Las personas que tengo delante me abren paso. Tengo a Francisco a pocos pasos, detrás de la valla. Cuando llego a ella, casi por instinto, me arrodillo en el suelo para pedir la bendición y levanto el brazo izquierdo con el Rosario en la mano para que el Papa lo bendiga también. Me bendice, me toca la cabeza, bendice el Rosario, y luego él mismo se esfuerza por agarrarme y levantarme. Hubiera sido imposible, pero hago mi esfuerzo y, a la vez, por detrás, un ujier me agarra y me ayuda a incorporarme. Estoy de pie, frente al Romano Pontífice. La valla, por debajo del pecho, no nos impide fundirnos en un abrazo efusivo, ante la mirada de miles de personas.
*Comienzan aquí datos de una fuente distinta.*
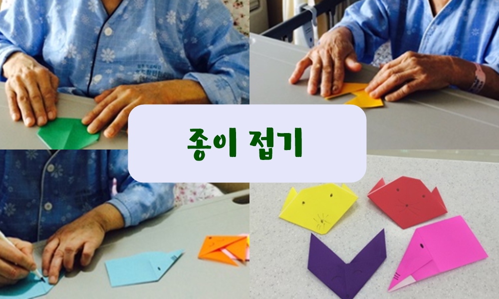 2024.06.04 미술치료&작업치료 - 종이접기 본문 2024년 06월 04일 오늘은 종이접기를 하였습니다~여러가지 동물 모양으로 간단하게 종이접기를 했더니 어르신들께서는 귀엽다며 참 좋아하셨습니다^^ 이전글 목록 다음글

Una vez más se expresa la fuerza del amor del Santo Padre a los más menesterosos.
 
El Papa me habla al oído, pero estoy emocionado y no recuerdo sus palabras. El Santo Padre me ha mirado y bendecido. Se ha acercado al enfermo, al ser humano, a la persona. Ese día, se ha acercado muy especialmente a este linarense que les escribe.